Ла Юрьер, получивший возможность проявить свои ораторские способности, что редко выпадало на его долю, хотя он и считал себя прирожденным оратором, какую-то минуту собирался с мыслями, затем откашлялся и продолжал:
– Надеюсь, братья мои, я не ошибусь, сказав, что нас заботит не только искоренение отдельных ересей; мы, то есть все добрые французы, должны быть уверены в том, что среди принцев крови, которые могут оказаться на троне, нам никогда не встретится еретик. Ибо, братья, куда мы зашли? Франциск Второй,[52] обещавший быть ревнителем веры, умер бездетным; Карл Девятый, а он был ее подлинным ревнителем, умер бездетным; король Генрих Третий, в истинности веры которого я не вправе сомневаться, а деяния не полномочен судить, по всей вероятности, умрет бездетным; таким образом, остается герцог Анжуйский, но и у него нет детей, и к тому же он, по-видимому, равнодушен к святой Лиге.

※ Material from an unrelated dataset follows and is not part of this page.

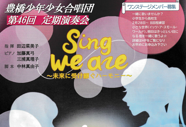 小学生から高校生までの子どもたちでつくる「豊橋少年少女合唱団」の「第46回定期演奏会」が29日、豊橋市神野ふ頭町のライフポートとよはしコンサートホールで開催される。合唱団員とワンステージメンバーが歌声を披露する。 第1ステージでは、「フィ...
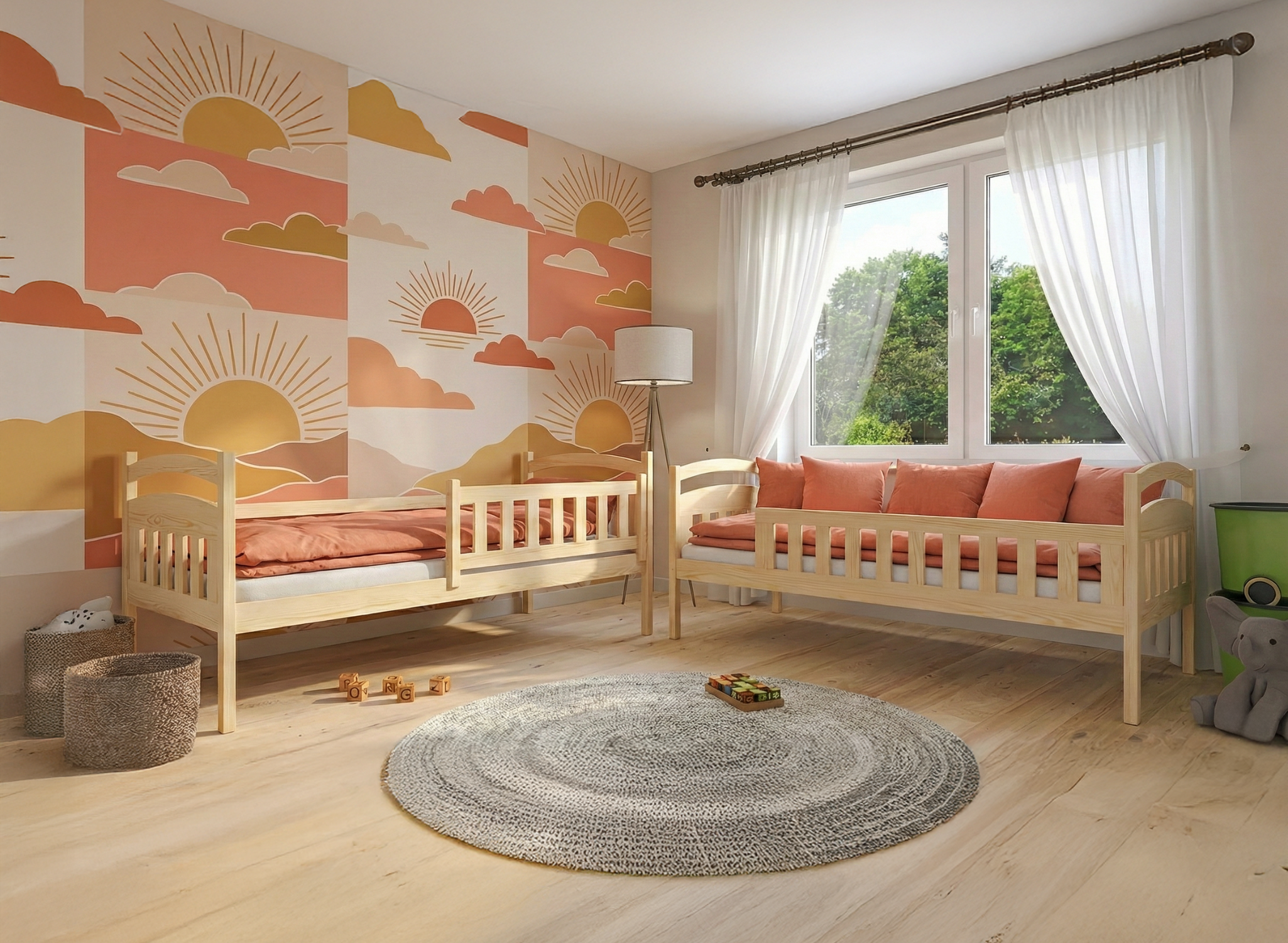 Jeżeli masz w domu rodzeństwo, które dzieli ze sobą pokój, to jesteśmy pewni, że marzą oni o piętrowym łóżku IGNAŚ. Minimalistyczny design, wygodna drabina i barierki na obydwu łóżkach sprawiają, że jest to mebel, na którym mogą spać również młodsze dzieci. Nasze piętrowe łóżko IGNAŚ, jest stworzone z dbałością o każdy, nawet najmniejszy detal. Zaokrąglone brzegi sprawiają, że Twoje dzieci nawet podczas najbardziej szalonej zabawy nie zrobi sobie krzywdy. Zarówno łóżko górne, jak i dolne wyposażone jest w drewnianą barierkę, która zabezpiecza najmłodsze dzieci przed przypadkowym wypadnięciem z łóżka podczas snu.

Тут оратора прервало несколько голосов, среди которых был и голос главного ловчего.
– Почему равнодушен? – спросил Монсоро. – И кто уполномочил вас выдвинуть против принца такое обвинение?
– Я сказал: равнодушен, потому что он все еще не дал согласия примкнуть к Лиге, хотя высокочтимый брат, который меня перебил, вполне определенно обещал нам это от его имени.